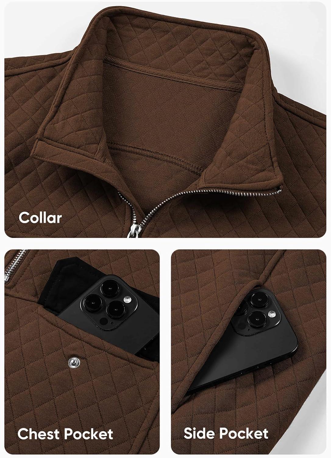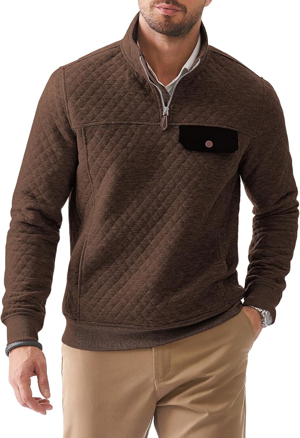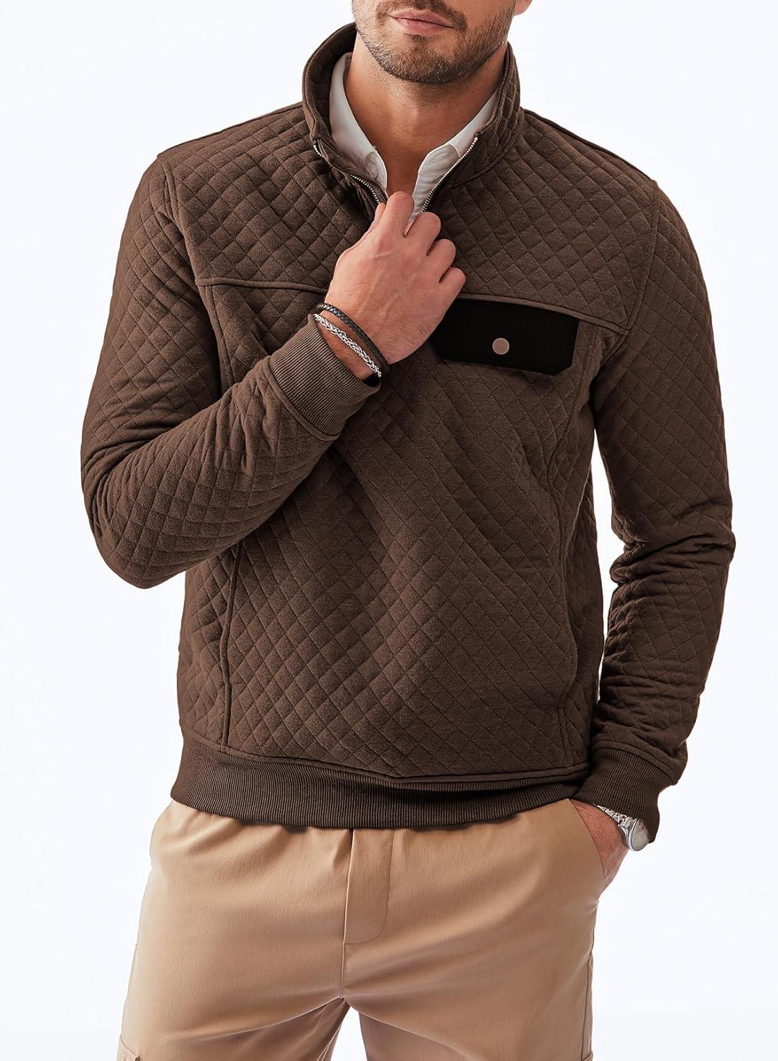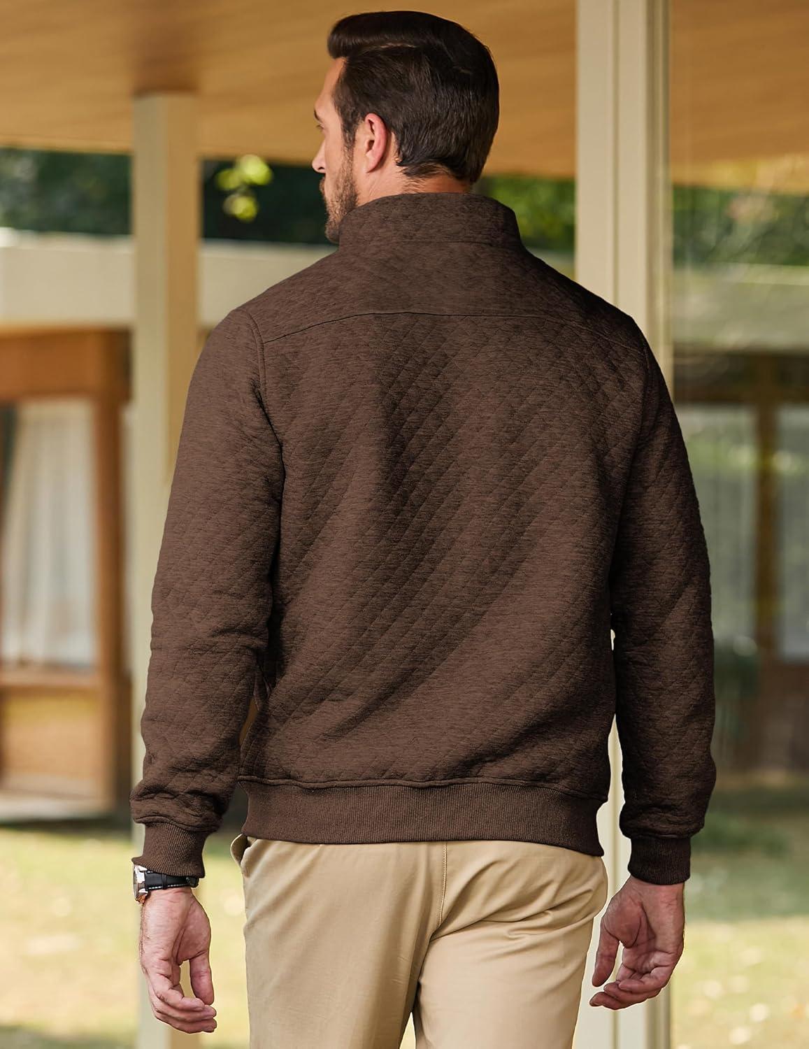 JMIERR Men’s Quilted Sweatshirt Casual Long Sleeve Outdoor Stand Collar Quarter-Zip Pullover Sweatshirts(Brown)
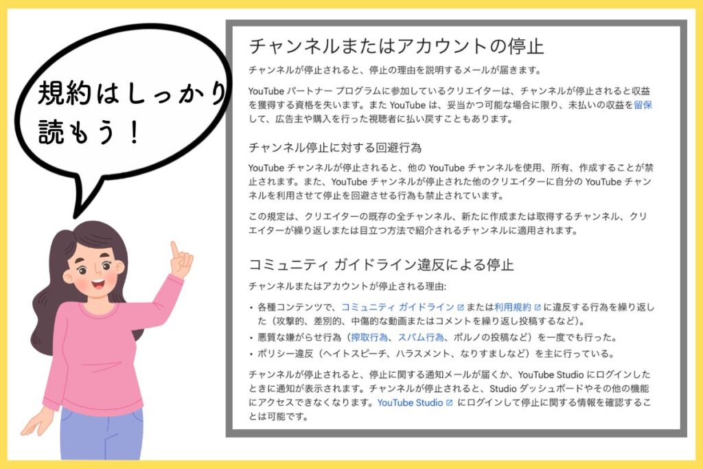 とにかく最近厳しくなってるので、そこはちゃんと調べてみてほしい。「垢BANされないためには」みたいな動画もYouTubeにはあるので見てみてください。
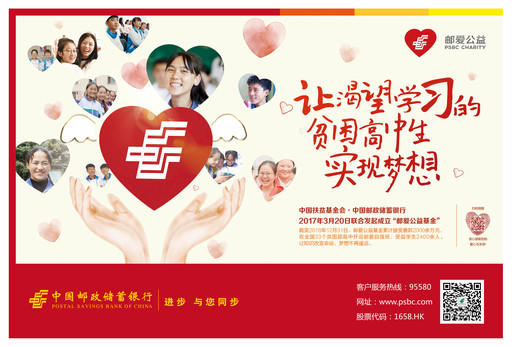 邮储银行于2017年3月20日成立十周年之际联合中国扶贫基金会成立“邮爱公益基金”,共同发起“邮爱自强班”项目,为贫困高中生提供教育资金资助及成才支持,并整合内外部、线上线下资源打造“邮爱公益平台”,号召全国近4万个网点参与到公益活动中来。
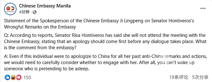 中使馆回击菲参议员洪蒂维罗斯:装睡叫不醒549 人气#华人世界
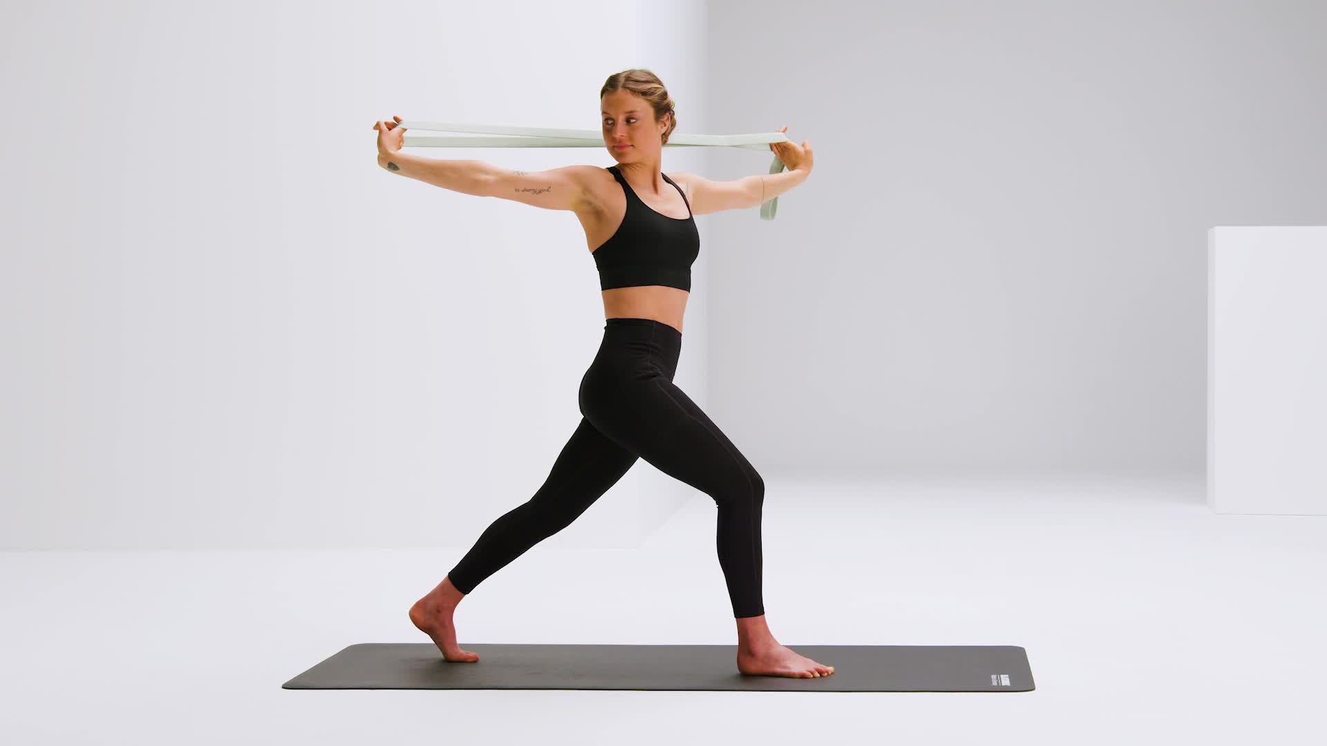 Kom in een lunge houding. Pak de STRETCH BAND vast met je vingertoppen en breng hem achter je hoofd. Draai je bovenlichaam naar de tegenovergestelde kant van het achterste been. Je blik volgt je hand.
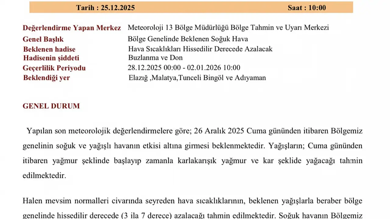 Meteoroloji 13. Bölge Müdürlüğü’nden yapılan uyarıda, "Yapılan son meteorolojik değerlendirmelere göre; 26 Aralık 2025 Cuma gününden itibaren Bölgemiz genelinin soğuk ve yağışlı havanın etkisi altına girmesi beklenmektedir. Yağışların; Cuma gününden itibaren yağmur şeklinde başlayıp zamanla karlakarışık yağmur ve kar şeklide yağacağı tahmin edilmektedir. Halen mevsim normalleri civarında seyreden hava sıcaklıklarının, beklenen yağışlarla beraber bölge genelinde hissedilir derecede (3 ila 7 derece) azalacağı tahmin edilmektedir. Soğuk havanın Bölgemiz genelinde önümüzdeki hafta boyunca da etkisini sürdürmesi beklenmektedir. Bu süreçte; özellikle gece ve sabah saatlerinde sıcaklıkların düşmesine bağlı olarak buzlanma ve don olaylarının görülebileceği, buna bağlı olarak kara, hava ve deniz ulaşımında aksamalar yaşanabileceği değerlendirilmektedir. Ayrıca, tarımsal faaliyetlerin devam ettiği bölgelerde soğuk hava ve don olaylarının zirai don riskini artıracağı, ürün kayıplarına neden olabileceği öngörülmektedir. Çevre, Şehircilik ve İklim Değişikliği Bakanlığı Meteoroloji Genel Müdürlüğü tarafından hazırlanıp yayınlanacak olan tahmin ve meteorolojik erken uyarıların takip edilmesi önem arz etmektedir" denildi.
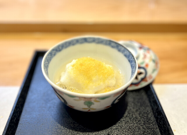 蕪蒸し(地物舌平目、1時間前の採れ立て蕪、自家製カラスミ香煎)
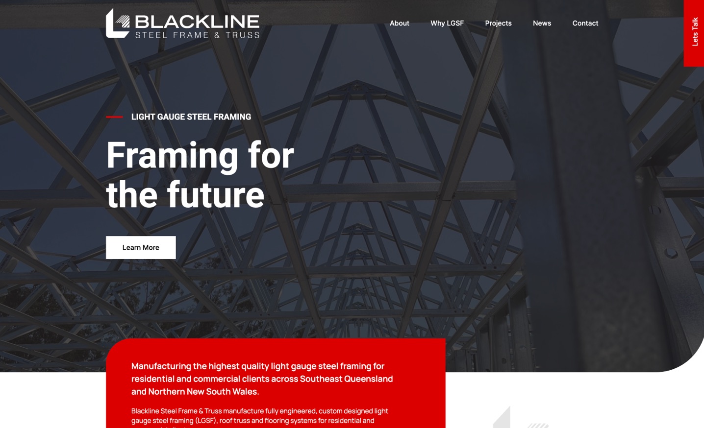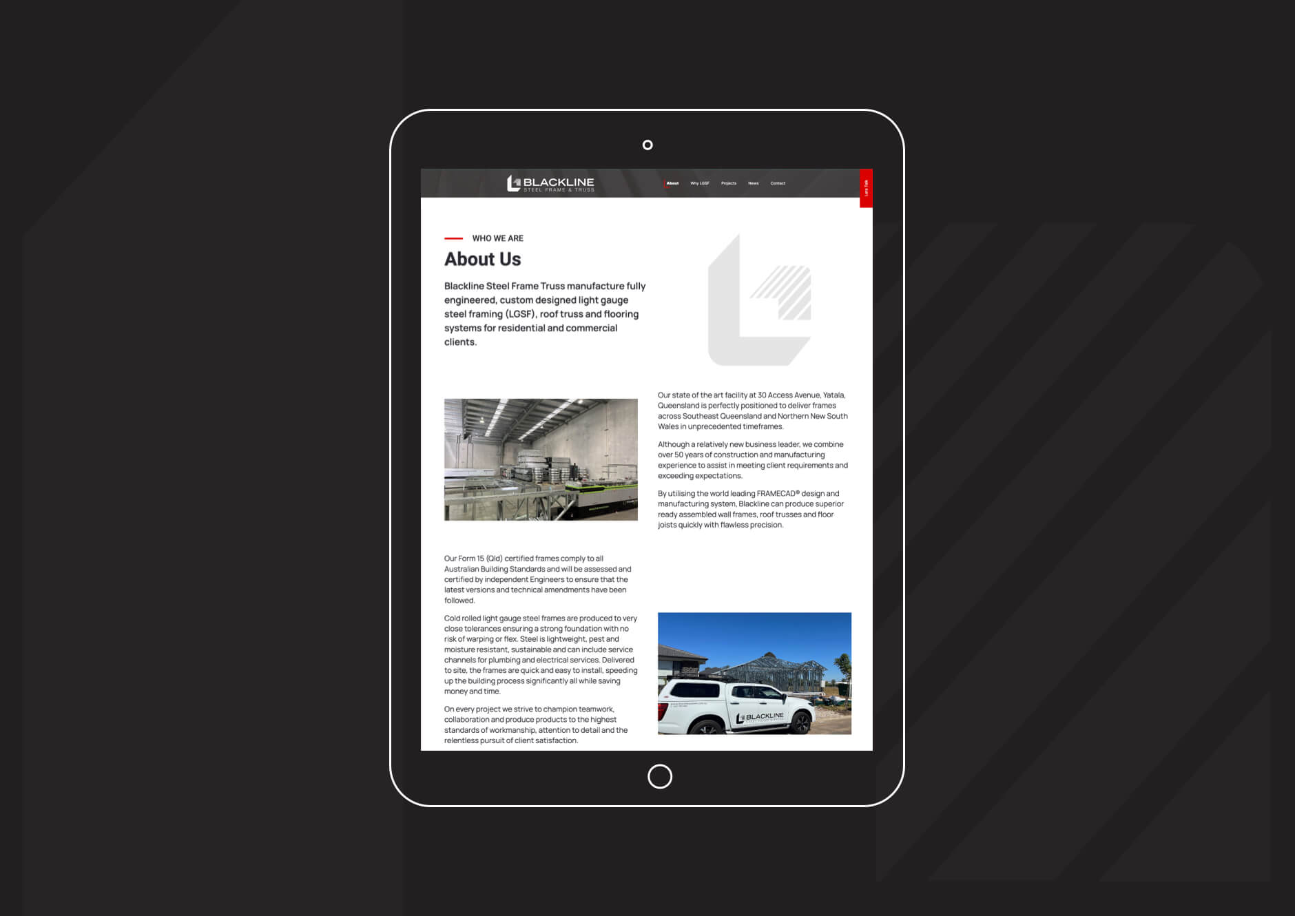 Blackline Steel Frame and Truss approached Thrive to design a logo, branding and a website. We chose a strong logo and branding design to complement their services, and a website design that captures their knowledge and experience in the industry.
··········
◆ TO DO
Set down exactly the lines running from the beginning of the entries above to the line that contains "とにかく最近厳しくなってるの", including both, and leave out pictures.

◆ TASK RESULT
 JMIERR Men’s Quilted Sweatshirt Casual Long Sleeve Outdoor Stand Collar Quarter-Zip Pullover Sweatshirts(Brown)
 とにかく最近厳しくなってるので、そこはちゃんと調べてみてほしい。「垢BANされないためには」みたいな動画もYouTubeにはあるので見てみてください。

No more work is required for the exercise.